Navonda Moore

Personal information
- Born: November 4, 1984 (age 41) Jackson, Mississippi, U.S.
- Listed height: 5 ft 10 in (1.78 m)
- Listed weight: 145 lb (66 kg)

Career information
- High school: Murrah (Jackson, Mississippi)
- College: Alabama (2003–2007)
- WNBA draft: 2007: undrafted
- Position: Guard
- Number: 34

Career history
- 2007–2008: Minnesota Lynx

Career highlights
- Mississippi Miss Basketball (2003);
- Stats at Basketball Reference

= Navonda Moore =

American basketball player (born 1984)

Navonda Moore (born November 4, 1984) is an American professional women's basketball player in the WNBA, previously playing for the Minnesota Lynx.

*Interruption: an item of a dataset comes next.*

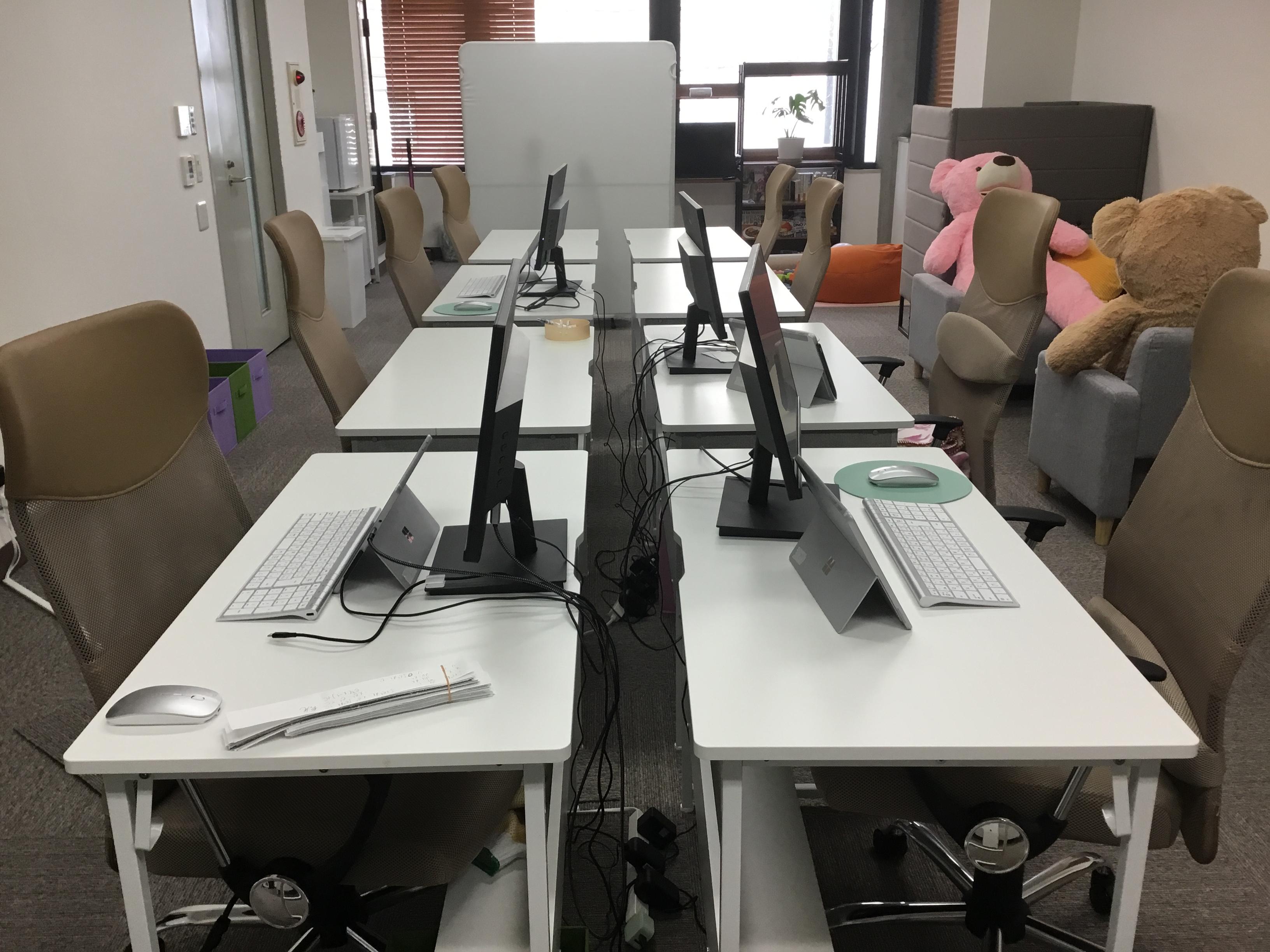 一人ひとりに専用デスクを割り当てており、周囲を気にせず自分のペースで集中して業務に取り組める作業環境です。

Born in Jackson, Mississippi, Moore attended college at the University of Alabama and graduated in 2007. Following her collegiate career with Alabama Crimson Tide women's basketball, she joined the Lynx as a free agent.

As an undrafted rookie, Moore struggled to get into the Lynx rotation. She averaged 4.6 minutes and 1.1 points in 19 games.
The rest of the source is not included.